Two participants (7%) reported not understanding the difference between “does not apply to me”/“betrifft mich nicht” and “never”/“Niemals”. Since there were no further comprehension doubts in same item by more than 10% (3 participants), the pre-final version was considered the German ASC-12 final version (Supplemental material). Demographic and headache characteristics of the 30 patients included in the translation and cross-cultural adaptation stage of the study can be found in Table 1.

Other comments from participants (10%) included the report of allodynia in other situations such as wearing a face mask, helmets, headphones or earplugs. Participants (13%) also reported that while having a headache they entirely avoided some activities (i.e., as wearing glasses, tight clothes, ponytail or shaving the face), since they anticipated discomfort. In this case, they considered the “does not apply to me”/“betrifft mich nicht” as the appropriate answer, since they never experienced discomfort by performing the described activity.

Measurement Proprieties

The assessment of the ASC-12 measurement proprieties took place between August and December 2022. From 51 recruited patients with migraine, one was excluded due to the concomitant diagnosis of tension-type headache. The demographic and clinical characteristics of the sample recruited in this stage of the study are shown in Table 1.

Structural validity

A confirmatory factor analysis was used to perform the structural validity assessment of the German ASC-12 according to the three pre-defined dimensions of the questionnaire: thermic allodynia, static and dynamic mechanical allodynia. The model-fit was considered adequate as all values of CFI and TLI were very close to the pre-defined thresholds.
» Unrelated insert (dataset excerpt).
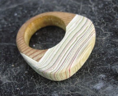 这款戒指采用纯手工,由旧的绘画桌雕刻而成。不同色彩的层次由油漆刷制而成,层层叠叠的油漆用了4个月精心勾画,而其中的木头成分只是原绘画桌的一小部分。

Furthermore, RMSA and SRMR were equal or below 0.08 (model 1, Table 2). Figure 1 shows the path diagram with the factor loadings of each dimension item. The standardized coefficients ranged between 0.17 and 0.68. The questionnaire items “shaving your face” and “wearing contact lenses” did not contribute significantly to the goodness-of-fit, since they presented factor loadings below 0.30. A second model without these two items was estimated (model 2, Table 2), but no improvement of the model-fit was observed.

Table 2 Model-fit of the German version of the Allodynia Symptom Checklist (ASC-12)
Fig. 1
figure 1

Structure of the German version of the ASC-12 analyzed by the confirmatory factor analysis. The standardized coefficients represent the individual contribution of each question to the model


The mean ASC-12 score measured during the first round was 5.40 (SD: 3.20) points and 4.20 (SD: 3.40) in the second round. In the first round, 76% of the participants were classified as having allodynia, while it was 64% in the second round. The reliability of the total ASC-12 score was considered excellent with an ICC of 0.85 (95%CI: 0.64 to 0.93, p< 0.0001). The observed ICC for the thermic allodynia dimension of the questionnaire was 0.77 (95%CI: 0.52 to 0.88, p< 0.0001), 0.86 (95%CI: 0.75 to 0.92, p< 0.0001) for static mechanical allodynia dimension and 0.84 (95%CI: 0.68 to 0.91, p< 0.0001) for dynamic mechanical allodynia. The German version of the ASC-12 presented a SEM of 1.15 points and a SDC of 3.40 points.

The internal consistency measured by Cronbach’s alpha was considered adequate since 0.70 was observed for the total score, 0.70 for the thermic allodynia dimension, 0.70 for static mechanical allodynia dimension and 0.80 for dynamic mechanical allodynia dimension.

Construct validity

Weak to moderate positive correlations were found between the total scores of the ASC-12 and headache intensity (r= 0.38, p= .004), headache disability (r= 0.37, p= 0.004) and cold pain thresholds (r= 0.28, p= 0.025). The thermic allodynia dimension of the ASC-12 was moderately correlated with headache disability (r= 0.36, p= 0.005) and with both cold (r= 0.36, p= 0.005) and heat pain (r= -0.30, p= 0.010) thresholds. The static mechanical allodynia scores of the ASC-12 presented weak and positive correlations with mechanical pain threshold (r= 0.29, p= 0.019) and with mechanical pain sensitivity for all pin-prick stimulators (r values between 0.24 and 0.28, p< 0.045). Dynamic mechanical allodynia scores of the ASC-12 were positively correlated with headache intensity (r= 0.37, p= 0.004) and headache disability (r= 0.29, p= 0.023). These results are shown in Table 3.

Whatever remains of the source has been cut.